I didn’t bugger you and you didn’t bugger me like so many of the guys in the camps were doing all the time. We were free and we were happy fit to bust. So we bust and now you’re wanting me to slash my wrists? For
that
? Get lost!’

It is a good try, but, deep down, a niggling doubt as to the
truth
of it is fluttering like a raven trapped in a well, and the staff is coming with his clipboard and shouting, ‘Brits form up!’ and Danny is hurrying to obey, his hand hardly having touched mine, the lights going out one by one as I watch the distance between us lengthening, when he suddenly turns round, yells, ‘You don’t visit me, I’ll bash you! You hear?’

‘Up you!’ I yell back and I’m not sure, but I think he grins.

*   *   *

From the beginning,
it is as though some exotic flower has been uprooted from its habitat and transplanted to an alien climate and soil. Without Danny, I am like a man from whom an essential part has been hacked, but, as the days, then weeks, pass, it becomes clear that an almost ritual nostalgia is deadening the first, intolerable pain. Why ‘days and weeks’? Why don’t I just up and
go
to that small village with the slip of paper with his address on it inquiringly in my hand? The answer is as simple as it is frustrating and sad: there is just no way that I
can.

The ‘camp’ of which the staff spoke is not that in the usual sense of the word, but a street of vacated cottages in a seaside town where the sea is more often grey than blue, the rain coming down without warning and frequently, though it is supposed to be spring. It
is
true that I can go where I want, provided that I report to the repatriation office each morning to find out if I have not perhaps been allocated a seat on a plane. Then there are the sessions with a psychiatrist and dietician who mostly tell me what I already know, namely, that I am a little crazy and I must take up to an hour to eat a plate of food because my stomach is as shrunken as a punctured balloon.

So I take to walking beside the sea on the bright days, envying the gregarious gulls, but inwardly emulating their contradictorily solitary cries, and sometimes I sit on the edge of the nearby downs, watching the white woolly sheep latch onto as woolly a green sward. I also take the train to London now and then, it being but a whisker away, and pay the mandatory visits to the Tower and Tussaud’s, but spend most of my daily stipend from the repatriation office on tickets for plays which
do
take me out of myself to the degree that I need.

Once I even accept the invitation of a whore who could have been my mother, but only manage to get it fully up when it is already in. ‘You been a prisoner of war?’ she asks, not unkindly, when I have paid her and am buttoning up my pants, and I nod and she adds, ‘Cunt is still too rich for you, lad. Get your boyfriend out of your system and try me again,’ and I don’t even expostulate at that, just slink out of there with my sullenly slack tail literally between my legs.

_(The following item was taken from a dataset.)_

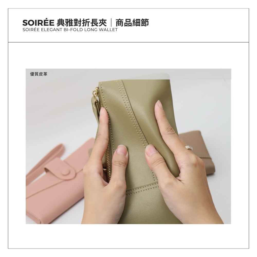 【產品介紹】柔軟細緻合成皮革,質感細膩耐用。★ 經典對折設計,輕巧好攜帶★ 內含9個卡槽(含1個透明證件卡位)★ 一個零錢收納層,兩個雜物收納夾層(鈔票、發票、護身符、雜物等)材質:合成皮革結構:長夾 / 對折夾尺寸:19 x 9.5 x 2.5 cm重量:180 g顏色:櫻花粉、奶茶色、黑色、灰棕、灰綠、卡其#短夾 #皮夾 #女夾 #典雅風#荔枝紋 #韓系 #簡約 #通勤#女性 #上班族 #約會 #禮物首選#情人節禮物 #七夕 #聖誕節禮物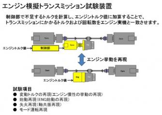 トランスミッションの試験装置として、駆動ダイナモメータでエンジン実機を模擬し、供試体となるトランスミッションにトルクをかける試験装置が使用されています。

Then I have been there a month and I go into the office to check on the planes and the guy there, who knows me by now, asks, ‘Would there be some who are calling you just plain “Tom Smith” instead of these fancy names I’m looking at here?’ I say, ‘Could be,’ and stiffen up, somehow sensing what’s coming next. ‘Would this be for you?’ and he hands me one of those message slips that these red tape types leave next to their phones, and I can see it is dated the day before and it reads, ‘From Danny to Tom Smith – where are you, mate? Is one kick in the arse not enough?’

‘It is for me,’ I say, trying for calm.

‘And you understand what he’s saying there?’ and I see that this guy is looking at me like I’m bad news that will liven up his day.

‘I understand. What I don’t understand is how he managed to get through to me
here.

‘No problem. If he knows you are waiting to be repatriated, he’ll know where to look in the book for a number that’ll put him through. You want to answer him?’ and I see there are figures on the slip which I had thought were just bureaucratic crap. ‘You can use this phone if you want.’